Context: Discussion thread.

amaslenn

SlurmInstaller has PREREQUISITES, let's add sacct there too.
Please add unit tests that reproduces the issue before this change to ensure we won't repeat this problem

srivatsankrishnan · 2024-12-18T00:54:19Z

SlurmInstaller has PREREQUISITES, let's add sacct there too.

Please add unit tests that reproduces the issue before this change to ensure we won't repeat this problem

Fixed 1.

Regarding 2, this is a purely system behavior and not sure how we can capture this in unit test. These commands require squeue and sacct commands which implicitly requiring slurm system. Also the interface did not change at all.

If you have better ideas on capturing it, please follow the slack thread and please feel free to contribute to the unit test to capture this behavior in a seperate PR. I think this can be a good follow up PR and should not block customer request.

However, this PR has been tested with verification team's NCCL test on internal cluster. It has also been stress tested by simultaneously launching 111 jobs on a different production cluster. Without this PR, the original design choice used in CloudAI on checking the job completion would fail for this new customer setup. So given this has been solidly tested on production system (see the test plan), we should approve and merge this.
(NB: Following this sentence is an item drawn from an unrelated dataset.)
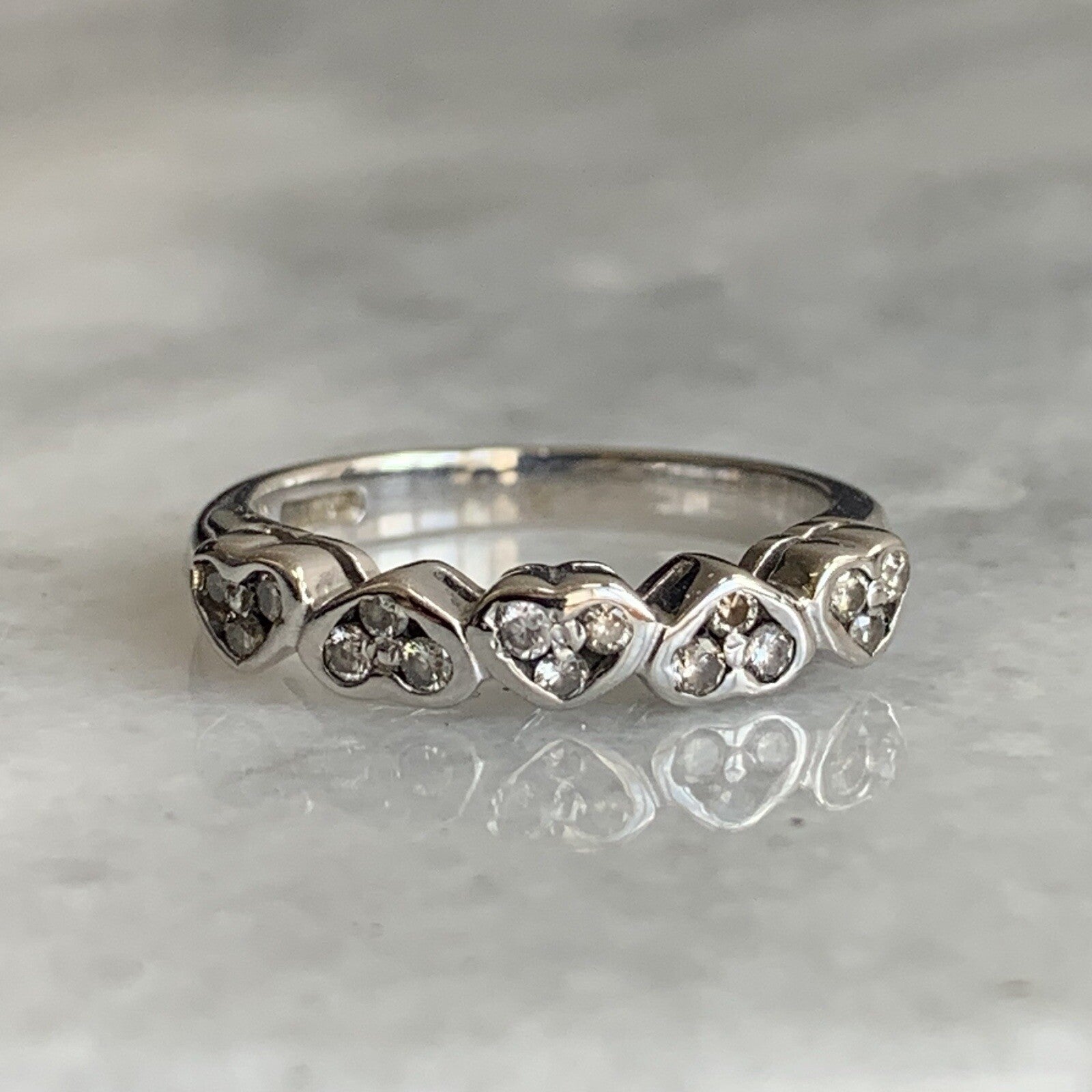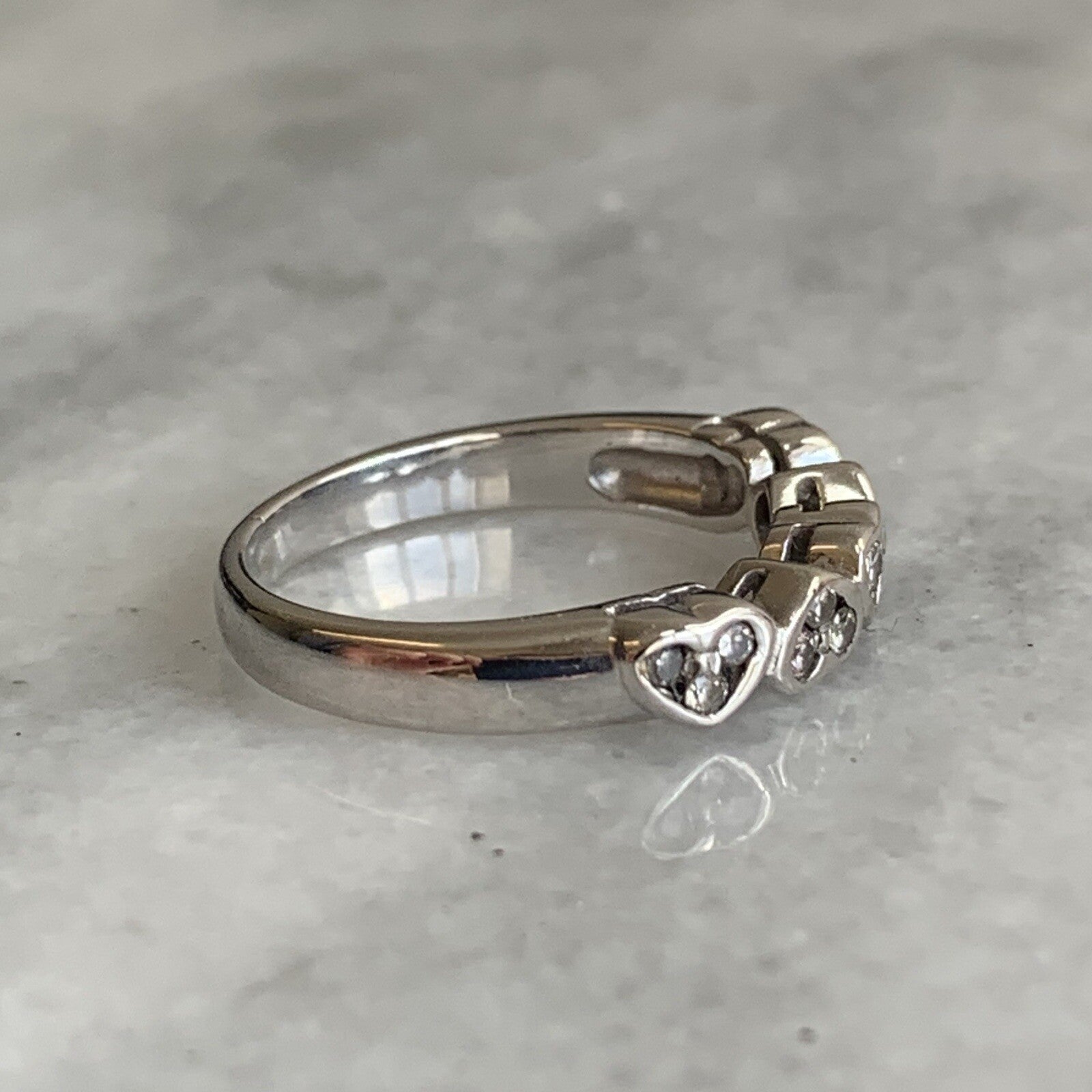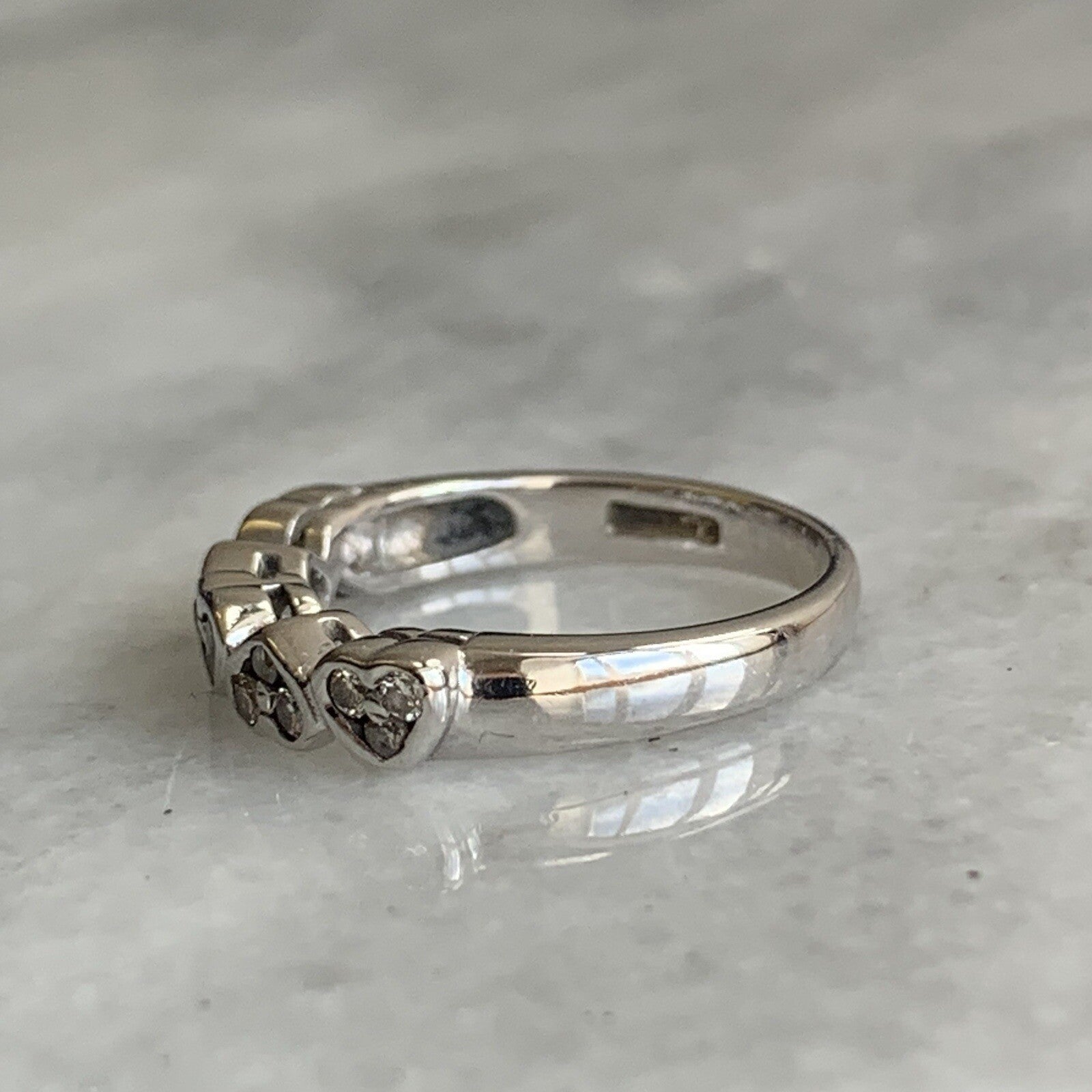 Heart Set Diamond Cluster Band Ring 375 9ct White Gold - Size I

amaslenn · 2024-12-18T13:51:57Z

... feel free to contribute to the unit test to capture this behavior in a seperate PR.

We have an agreement to add unit tests for all new features and fixes. Let's stick to this agreement.

Here is how I would approach testing test_is_job_running:

@pytest.mark.parametrize("stdout,is_running", [("RUNNING", True), ("PENDING", True), ("COMPLETED", False)])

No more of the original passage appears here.